THE PROBLEM: Taking the line with "荷物以上に大きな部屋を借りて" as the first and the line with "Piciorul ajustabil pentru" as the last, set down exactly every line in that range from the entries below, and no more.

[GIVEN RECORDS]

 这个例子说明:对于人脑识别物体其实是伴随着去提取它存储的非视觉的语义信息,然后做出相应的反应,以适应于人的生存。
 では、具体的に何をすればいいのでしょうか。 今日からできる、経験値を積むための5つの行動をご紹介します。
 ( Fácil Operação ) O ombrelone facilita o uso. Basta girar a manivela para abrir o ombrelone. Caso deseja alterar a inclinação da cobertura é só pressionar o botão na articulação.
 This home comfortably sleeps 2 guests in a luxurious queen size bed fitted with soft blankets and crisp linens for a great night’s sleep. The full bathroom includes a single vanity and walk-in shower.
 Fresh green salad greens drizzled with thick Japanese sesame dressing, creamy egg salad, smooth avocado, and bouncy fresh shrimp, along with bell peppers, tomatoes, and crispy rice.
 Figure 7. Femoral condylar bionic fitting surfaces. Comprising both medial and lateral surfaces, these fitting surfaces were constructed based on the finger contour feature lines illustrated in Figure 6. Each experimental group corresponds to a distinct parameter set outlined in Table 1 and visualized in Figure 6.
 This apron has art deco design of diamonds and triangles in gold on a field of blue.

[/GIVEN RECORDS]
[GIVEN RECORDS]

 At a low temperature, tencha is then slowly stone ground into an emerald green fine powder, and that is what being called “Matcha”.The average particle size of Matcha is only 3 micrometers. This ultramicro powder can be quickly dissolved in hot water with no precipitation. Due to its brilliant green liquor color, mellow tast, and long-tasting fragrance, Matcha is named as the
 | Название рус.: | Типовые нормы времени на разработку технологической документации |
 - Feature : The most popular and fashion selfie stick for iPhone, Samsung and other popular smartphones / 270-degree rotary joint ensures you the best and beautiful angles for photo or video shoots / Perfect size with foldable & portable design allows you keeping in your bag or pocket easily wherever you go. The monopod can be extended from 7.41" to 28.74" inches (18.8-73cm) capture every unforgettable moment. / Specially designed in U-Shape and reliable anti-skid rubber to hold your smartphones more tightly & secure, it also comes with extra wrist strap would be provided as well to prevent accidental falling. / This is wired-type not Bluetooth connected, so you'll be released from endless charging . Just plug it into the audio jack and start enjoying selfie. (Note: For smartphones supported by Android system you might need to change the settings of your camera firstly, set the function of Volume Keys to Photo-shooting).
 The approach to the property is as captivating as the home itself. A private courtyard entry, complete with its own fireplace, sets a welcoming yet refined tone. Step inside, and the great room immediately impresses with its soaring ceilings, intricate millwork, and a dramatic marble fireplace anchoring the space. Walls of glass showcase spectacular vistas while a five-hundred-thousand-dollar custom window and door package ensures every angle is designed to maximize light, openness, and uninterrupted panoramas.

[/GIVEN RECORDS]
[GIVEN RECORDS]

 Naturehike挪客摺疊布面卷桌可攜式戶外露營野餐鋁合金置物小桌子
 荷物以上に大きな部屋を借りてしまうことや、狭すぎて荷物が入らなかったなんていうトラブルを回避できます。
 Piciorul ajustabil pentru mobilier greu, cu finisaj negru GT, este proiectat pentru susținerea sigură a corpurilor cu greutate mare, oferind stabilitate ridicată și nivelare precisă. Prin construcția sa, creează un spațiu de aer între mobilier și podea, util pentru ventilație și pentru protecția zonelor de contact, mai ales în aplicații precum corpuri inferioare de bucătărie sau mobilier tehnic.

[/GIVEN RECORDS]

THE ANSWER:
 荷物以上に大きな部屋を借りてしまうことや、狭すぎて荷物が入らなかったなんていうトラブルを回避できます。
 Piciorul ajustabil pentru mobilier greu, cu finisaj negru GT, este proiectat pentru susținerea sigură a corpurilor cu greutate mare, oferind stabilitate ridicată și nivelare precisă. Prin construcția sa, creează un spațiu de aer între mobilier și podea, util pentru ventilație și pentru protecția zonelor de contact, mai ales în aplicații precum corpuri inferioare de bucătărie sau mobilier tehnic.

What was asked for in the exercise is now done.